The Right To Freedom Of Speech And Expression as per the Indian Constitution – means the right to express one’s own convictions and opinions freely.

  1. The word “freely” means the freedom of a citizen to express his views and opinion in any conceivable means including by words of mouth, writing, printing, banners, signs, and even by way of silence.
  2. The Supreme Court of India has held that the participation in sports in an expression of one’s self and thus it is a form of freedom of speech
  3. The Supreme Court has also held that hoisting the National Flag by citizens is a form of freedom of speech and expression (see Union Of India vs Naveen Jindal & Anr on 23 January, 2004).
  4. Freedom of Press is an inferred right implicit under Article 19(1)(a)
  5. The Right To Information(RTI) emerges as a fundamental right under article 19(1)(a) as freedom of speech and expression are meaningless without access to information
  6. The right to political dissent

Restrictions – Under Article 19(2) of the Constitution of India, the State may make a law imposing “reasonable restrictions” on the exercise of the right to freedom of speech and expression “in the interest of” the public on the following grounds:

  1. Security of State
  2. Friendly relations with foreign states
  3. Public Order
  4. Decency or morality
  5. Contempt of Court
  6. Defamation
  7. Incitement to an offense Sovereignty and integrity of India

As regards the point on Defamation – there have been a few cases that have been tried – most recently when a group of lawyers filed a defamation suit against Shahrukh Khan (dt 20/8/2007) which was subsequently quashed by the court). The summary of the cases are as under. Defamation cases are not easy to win (extremely tough to be precise) , but still can be used as a potent weapon on those without resources (as in – we have work to do – we cant be maneuvering the courts day in and day out – unless you have resources or you are a politician) – did I just make the statement that politicians have resources and no work to do ? Therefore in my opinion – this particular curtailment is actually against the poor/the common man and aptly suitable for a public interest litigation suit.

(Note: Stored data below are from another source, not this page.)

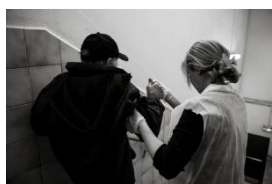
Photo 07 - This old man is led to a shower cubicle by a carer. Like others, he needs help to accomplish simple daily tasks (cleaning, eating, moving around)...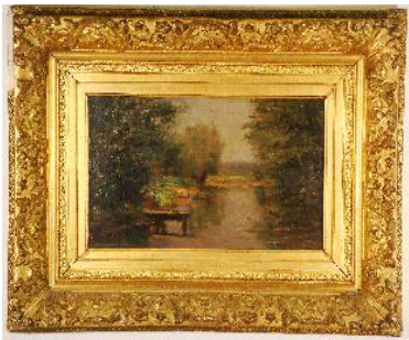
Lot # 260

259 Oil on canvas signed Oscar DeLall, 16 in. x 20 in., "Ste.Adele Quebec- Winter Landscape". $100 - $150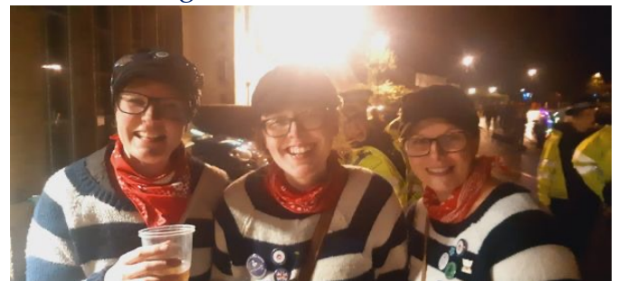
The editor did not realise that his wife had two identical twins!

And then it was over. A year of planning, culminating in a few well-deserved drinks

  1. G. Narasimhan & Ors v. T. V. Chokkappa, (1972) 2 Supreme Court Cases 680.
  2. Raj Kapoor v. Laxman, (AIR 1980 SC 605).
  3. Sahib Singh Mehra v State of U.P., (1965) 2 SCR 828.
  4. Raj Kapoor & Ors v State (Delhi Administration) & Ors, AIR 1980 SC 258.
  5. Union of India v Prafulla Kumar Samal & Ano, (1979) 3 SCC 4.
  6. Dilawar Balu Kurane v State of Maharashtra, 2002 WLC (SC) (Cri) 182.
  7. Knupffer v London Express Newspaper, ((1944) AC 116).
  8. Asha Parekh & Ors v The State of Bihar, (1977 Cri. L. J. 21).
  9. Mohammad Akram & Ors v Rajiv Mehra & Ors., Criminal Case No. 98/1996.